Kobo: The Number-Three Ebook Retailer in the World, but an Overvalued One

While on the subject of ebooks in the international industry: recent developments around Canada’s Kobo have brought new definition to its challenges in the industry.

Bought in 2012 by Tokyo media giant Rakuten, Kobo has made an aggressive internationalist posture a mainstay of its commercial profile, citing 26 million readers for its catalog of more than 4 million books, a consumer base spread across more than 190 countries.

While Kobo has never achieved convincing traction in the States—and its trade-show presence has diminished markedly in the last two years—it still came as a surprise when Rakuten’s fourth-quarter earnings report this month revealed that the parent company had taken a $68 million (7.8 billion yen) “impairment charge” on Kobo. Another term for this is a write-down: a company writes down its “goodwill,” or the worth of an asset that has been over-valued.

In comments to Porter for Publishing Perspectives, Kobo CEO Michael Tamblyn echoed the Rakuten line, talking about “slower than expected growth in English-language ebook markets” resulting in “an adjustment in Kobo’s long-term value.”

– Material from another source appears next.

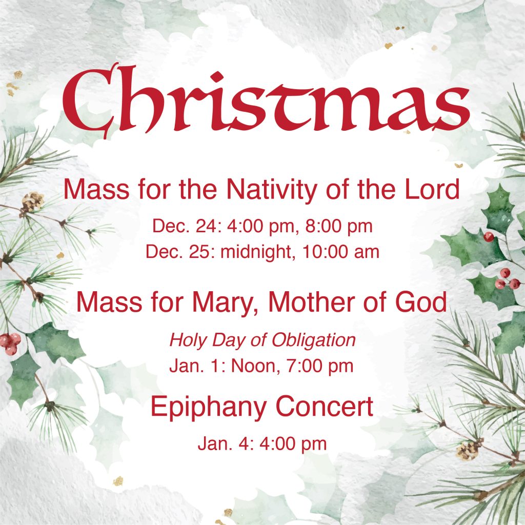 The Solemnity of Mary, Mother of God is Thursday, Jan. 1 and is a holy day of obligation. Mass times are noon and 7 pm.

But even as Tamblyn spoke of January’s content sales being “the strongest in our history,” Michael Cader at Publishers Lunch (subscription required) was assessing the damage that Rakuten had announced (the italics are ours): “Rakuten paid roughly 24 billion yen to buy Kobo, so the current write-down—along with two smaller write-downs in the first and third quarters of 2015 of about 2.65 billion yen in total—means that they have taken charges of about 44 percent of the purchase price from three years ago.” Forty-four percent is not peanuts. In lay terms, this means that Rakuten bought something it now sees as significantly less valuable than it looked when it did the deal.

Tamblyn, an ebullient and well-liked figure in world publishing circles, has kept up a brave line through all this. “I couldn’t be more confident in Kobo’s place in the future of books,” he said to Publishing Perspectives.

But in a long hand-wringer of a feature in Kobo’s hometown newspaper, Toronto’s Globe and Mail, Shane Dingman points out that Kobo now stands behind both Amazon and Apple in world rankings of ebook retailers.

Tamblyn tells Dingman that Kobo Writing Life, the company’s self-publishing platform, accounts for 15 percent of all the books Kobo sells. He asserts that pecking order among retailers isn’t his focus: “Our goal isn’t to be the world’s largest manufacturer of e-reading devices. It’s ‘Can we be the best possible bookseller?’”

But our colleague Thad McIlroy, a publishing consultant based in Vancouver, isn’t liking what he sees, telling Dingman that Kobo’s “great Achilles heel is they don’t have a significant US business.” McIlroy says that Apple has upped its game. “I am worried for Kobo,” he says. “I don’t know how Michael is going to maintain Kobo’s market presence.”

Bottom line: It’s good to keep in mind that Rakuten’s write-down of Kobo was part of a bigger picture. The Japanese corporation is making what TechCrunch’s Jon Russell calls “a new strategic focus” that has featured a total of $340 million in write-downs on a range of its businesses. Nevertheless, Kobo’s valuation has taken a big hit. Although it’s primarily a psychological exercise at the moment, there’s good reason to watch closely. The prospect of a diminished or lost member of the major ebook retail club isn’t a happy one for authors.